Meaning if Apache is dealing with a 5MB file, only 2MB is written and rsync
kicks in, the partial 2MB file will be copied. So that file would seem like it is “corrupted” on the destination server.
Depending on the size of the files you are using, you can use the --inplace
option in rsync
to do the following:
This option changes how rsync transfers a file when the file's data needs to be updated: instead of the default method of creating a new copy of the file and moving it into place when it is complete, rsync instead writes the updated data directly to the destination file.
The benefit of this is if a 5MB file only has 2MB copied on the first run, the next run will pick up at 2MB and continue to copy the file until the full 5MB is in place.

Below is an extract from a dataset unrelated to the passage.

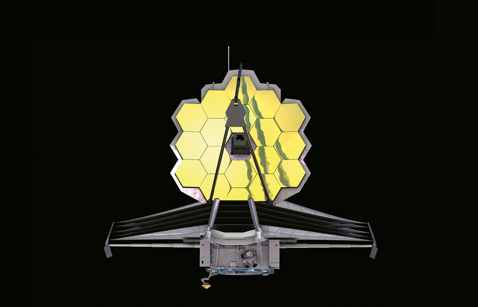 JWST ma wysokość 8 m, waży 6,2 tony i składa się z 18 sześciokątnych elementów – zwierciadeł – o średnicy 1,32 m każde. Szkielet, na którym się opierają, został wykonany z berylu, same zwierciadła zaś pokryto cienką warstwą złota, metalu bardzo czułego na promieniowanie podczerwone.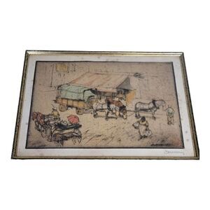 Armand Coussens Tinted Etching Print Signed Numbered Louvre French Covered Wagon.

The negative is that it could create a situation where someone is accessing the web server while a file is being copied and then they would see a partial file. In my opinion rsync
works best in it’s default behavior of caching an “invisible” file and then moving it into place right away. But --inplace
is good for scenarios where large files and bandwidth constraints might stand in the way of a large file being easily copied from square one.
That said you do state this; emphasis is mine:
Every five minutes has cron run rsync…
So I assume you have some bash script in place to manage this cron job? Well, the thing is rsync
is smart enough to only copy the files that need to be copied. And if you have a script that runs every 5 minutes it appears you are trying to avoid having rsync
step on each other if it goes faster. Meaning, if you ran it every minute, there is a risk that one or more of the rsync
processes would still be running due to file size or network speed and the next process would just be in competition with it; a racing condition.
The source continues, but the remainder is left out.